§ **What you will do**:
In the records below, find the line that contains "Pirinç Zirkon Taşlı" and the line that contains "2025-32060007-00042批", then retype exactly those two lines and every line between them.

── Data for the task

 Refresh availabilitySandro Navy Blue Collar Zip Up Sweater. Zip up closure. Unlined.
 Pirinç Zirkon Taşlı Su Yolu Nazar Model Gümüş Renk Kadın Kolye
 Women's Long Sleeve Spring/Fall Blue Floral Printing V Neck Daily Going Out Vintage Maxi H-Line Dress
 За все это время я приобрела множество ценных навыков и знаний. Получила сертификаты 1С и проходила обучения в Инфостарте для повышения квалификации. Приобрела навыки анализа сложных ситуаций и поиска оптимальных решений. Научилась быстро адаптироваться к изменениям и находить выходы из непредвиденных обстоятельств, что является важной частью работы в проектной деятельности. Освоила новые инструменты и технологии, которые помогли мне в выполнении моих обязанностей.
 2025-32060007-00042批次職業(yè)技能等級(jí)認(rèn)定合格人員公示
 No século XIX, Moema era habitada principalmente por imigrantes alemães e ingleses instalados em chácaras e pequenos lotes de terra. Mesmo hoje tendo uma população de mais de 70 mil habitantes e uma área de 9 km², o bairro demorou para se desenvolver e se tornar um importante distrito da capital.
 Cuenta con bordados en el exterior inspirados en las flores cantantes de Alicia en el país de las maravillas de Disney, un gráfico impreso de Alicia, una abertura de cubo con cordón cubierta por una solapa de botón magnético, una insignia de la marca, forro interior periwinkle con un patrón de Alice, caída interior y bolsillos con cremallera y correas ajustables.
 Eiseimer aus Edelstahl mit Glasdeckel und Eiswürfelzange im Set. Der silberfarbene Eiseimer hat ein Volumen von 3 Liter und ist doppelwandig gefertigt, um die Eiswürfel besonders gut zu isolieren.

────

§ **Solution**:
 Pirinç Zirkon Taşlı Su Yolu Nazar Model Gümüş Renk Kadın Kolye
 Women's Long Sleeve Spring/Fall Blue Floral Printing V Neck Daily Going Out Vintage Maxi H-Line Dress
 За все это время я приобрела множество ценных навыков и знаний. Получила сертификаты 1С и проходила обучения в Инфостарте для повышения квалификации. Приобрела навыки анализа сложных ситуаций и поиска оптимальных решений. Научилась быстро адаптироваться к изменениям и находить выходы из непредвиденных обстоятельств, что является важной частью работы в проектной деятельности. Освоила новые инструменты и технологии, которые помогли мне в выполнении моих обязанностей.
 2025-32060007-00042批次職業(yè)技能等級(jí)認(rèn)定合格人員公示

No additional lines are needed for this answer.